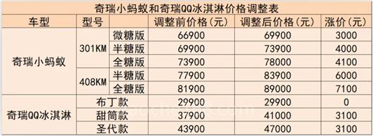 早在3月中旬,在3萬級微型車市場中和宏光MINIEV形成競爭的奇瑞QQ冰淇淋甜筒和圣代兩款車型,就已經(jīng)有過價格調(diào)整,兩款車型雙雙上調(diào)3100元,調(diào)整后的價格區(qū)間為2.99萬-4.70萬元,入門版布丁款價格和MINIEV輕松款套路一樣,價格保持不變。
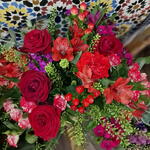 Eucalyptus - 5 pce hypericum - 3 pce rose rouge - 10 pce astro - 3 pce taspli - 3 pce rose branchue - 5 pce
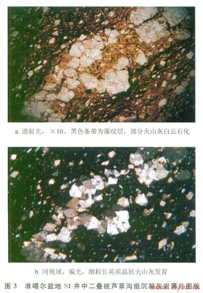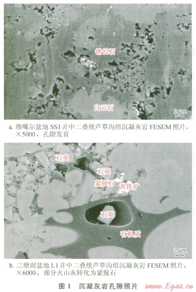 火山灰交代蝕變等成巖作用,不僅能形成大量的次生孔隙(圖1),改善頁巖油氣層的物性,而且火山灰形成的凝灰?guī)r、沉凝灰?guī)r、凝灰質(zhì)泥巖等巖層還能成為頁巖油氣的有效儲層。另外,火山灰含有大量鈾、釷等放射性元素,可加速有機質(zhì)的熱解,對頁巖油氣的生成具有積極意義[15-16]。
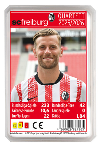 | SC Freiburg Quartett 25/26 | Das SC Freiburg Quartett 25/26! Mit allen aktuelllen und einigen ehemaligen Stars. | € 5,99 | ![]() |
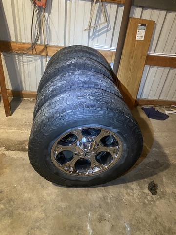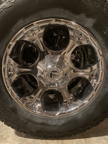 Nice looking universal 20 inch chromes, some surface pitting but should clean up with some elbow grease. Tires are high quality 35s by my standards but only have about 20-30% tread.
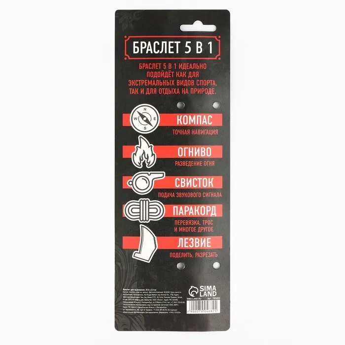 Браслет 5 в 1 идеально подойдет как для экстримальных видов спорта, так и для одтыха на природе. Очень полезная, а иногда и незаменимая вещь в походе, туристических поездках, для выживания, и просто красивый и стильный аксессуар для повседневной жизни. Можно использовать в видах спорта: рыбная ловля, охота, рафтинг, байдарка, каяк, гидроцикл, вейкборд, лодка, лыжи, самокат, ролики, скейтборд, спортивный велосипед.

★ ★ ★ ★ ★

• **Your assignment**: What you give back should match the entries above exactly, except that pictures are dropped.

• **Written solution**:
 早在3月中旬,在3萬級微型車市場中和宏光MINIEV形成競爭的奇瑞QQ冰淇淋甜筒和圣代兩款車型,就已經(jīng)有過價格調(diào)整,兩款車型雙雙上調(diào)3100元,調(diào)整后的價格區(qū)間為2.99萬-4.70萬元,入門版布丁款價格和MINIEV輕松款套路一樣,價格保持不變。
 Eucalyptus - 5 pce hypericum - 3 pce rose rouge - 10 pce astro - 3 pce taspli - 3 pce rose branchue - 5 pce
 火山灰交代蝕變等成巖作用,不僅能形成大量的次生孔隙(圖1),改善頁巖油氣層的物性,而且火山灰形成的凝灰?guī)r、沉凝灰?guī)r、凝灰質(zhì)泥巖等巖層還能成為頁巖油氣的有效儲層。另外,火山灰含有大量鈾、釷等放射性元素,可加速有機質(zhì)的熱解,對頁巖油氣的生成具有積極意義[15-16]。
 | SC Freiburg Quartett 25/26 | Das SC Freiburg Quartett 25/26! Mit allen aktuelllen und einigen ehemaligen Stars. | € 5,99 | ![]() |
 Nice looking universal 20 inch chromes, some surface pitting but should clean up with some elbow grease. Tires are high quality 35s by my standards but only have about 20-30% tread.
 Браслет 5 в 1 идеально подойдет как для экстримальных видов спорта, так и для одтыха на природе. Очень полезная, а иногда и незаменимая вещь в походе, туристических поездках, для выживания, и просто красивый и стильный аксессуар для повседневной жизни. Можно использовать в видах спорта: рыбная ловля, охота, рафтинг, байдарка, каяк, гидроцикл, вейкборд, лодка, лыжи, самокат, ролики, скейтборд, спортивный велосипед.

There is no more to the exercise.